WHAT YOU SHOULD DO: Could you write out exactly, and only, the lines from the one containing "Friederike Schache (Degenhardt)" through the last line of the data, leaving out all pictures?

COLLECTED DATA:

===============

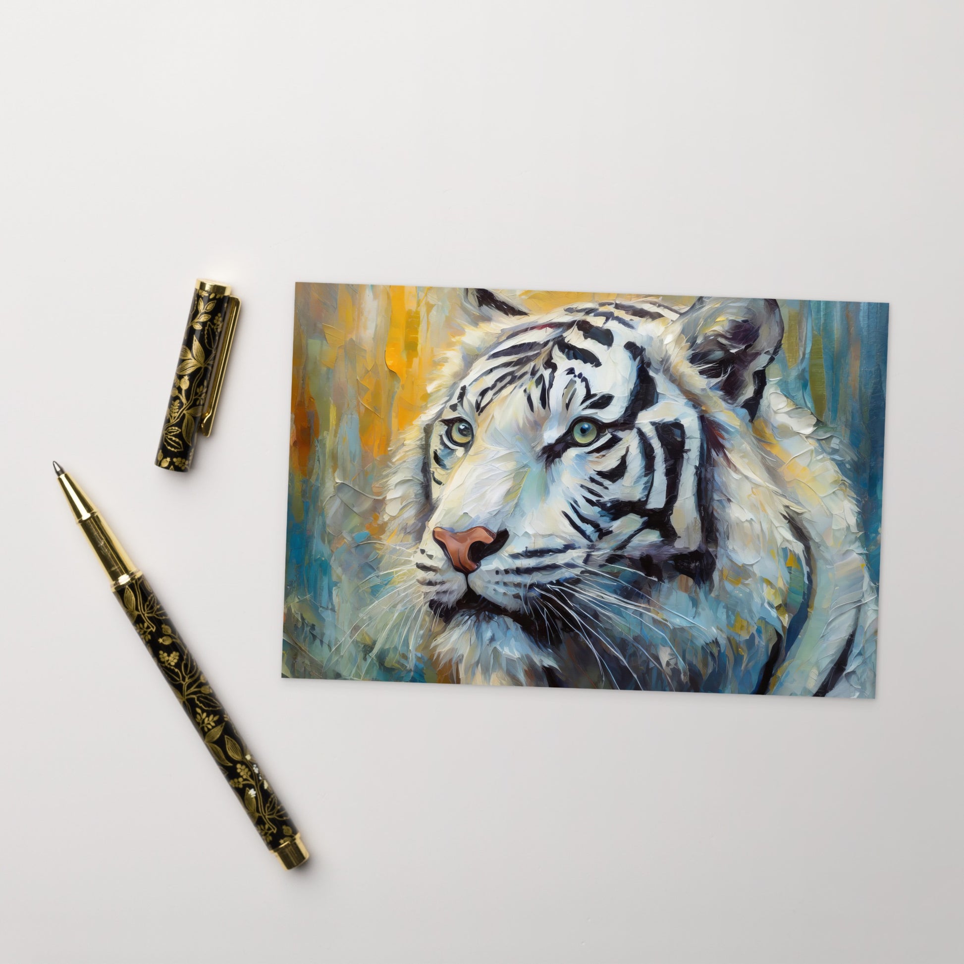 Majestic White Tiger Oil Painting Postcard – Stylish And Elegant Wildlife Art For Nature Lovers – Perfect Gift, Desk Décor For Home & Office
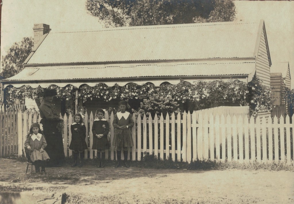 Friederike Schache (Degenhardt) outside her home, 17 Duncan Street Murtoa, c. 1920, with Schache grand-daughters, L-R, Edna (later Hunt/Hester), Mary (later Schubert), Tess (later Hausler) and Elvie (later Tilley).Schache group: L-R, Ossie, Bertha (Schache), unknown, Selma (Adler) and August.Family group: L-R, Mary Schache (later Schubert), August Schache, Essie Bielke (Adler), Fred Schache and Bertha Schache, home of Fred and Bertha, Arnold Street, Warracknabeal, Vic., c. 1938.Family group: L-R, Mary Schache (later Schubert), August Schache, (unknown), Fred Schache and Bertha Schache, home of Fred and Bertha, Arnold Street, Warracknabeal, Vic.,c. 1938.
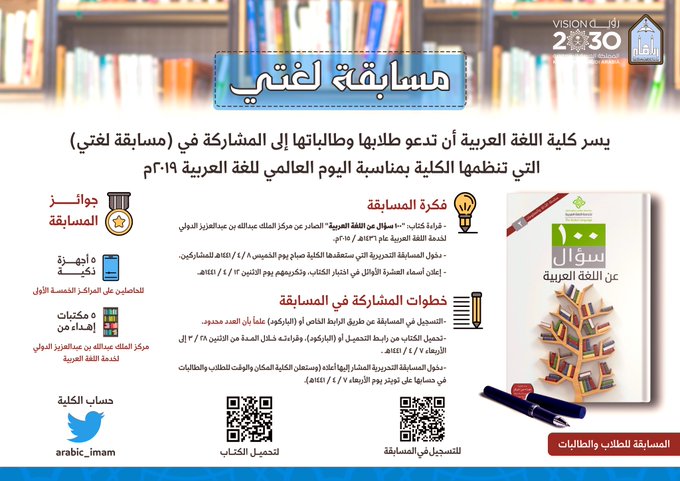 | كلية اللغة العربية بجامعة الإمام تنظم مسابقة (أجمل خط) لطلاب الكلية | مصطفى شعبان | أخبار ومناسبات لغوية | 0 | 02-19-2019 02:56 PM |

===============

ANSWER TO THE PROBLEM:
 Friederike Schache (Degenhardt) outside her home, 17 Duncan Street Murtoa, c. 1920, with Schache grand-daughters, L-R, Edna (later Hunt/Hester), Mary (later Schubert), Tess (later Hausler) and Elvie (later Tilley).Schache group: L-R, Ossie, Bertha (Schache), unknown, Selma (Adler) and August.Family group: L-R, Mary Schache (later Schubert), August Schache, Essie Bielke (Adler), Fred Schache and Bertha Schache, home of Fred and Bertha, Arnold Street, Warracknabeal, Vic., c. 1938.Family group: L-R, Mary Schache (later Schubert), August Schache, (unknown), Fred Schache and Bertha Schache, home of Fred and Bertha, Arnold Street, Warracknabeal, Vic.,c. 1938.
 | كلية اللغة العربية بجامعة الإمام تنظم مسابقة (أجمل خط) لطلاب الكلية | مصطفى شعبان | أخبار ومناسبات لغوية | 0 | 02-19-2019 02:56 PM |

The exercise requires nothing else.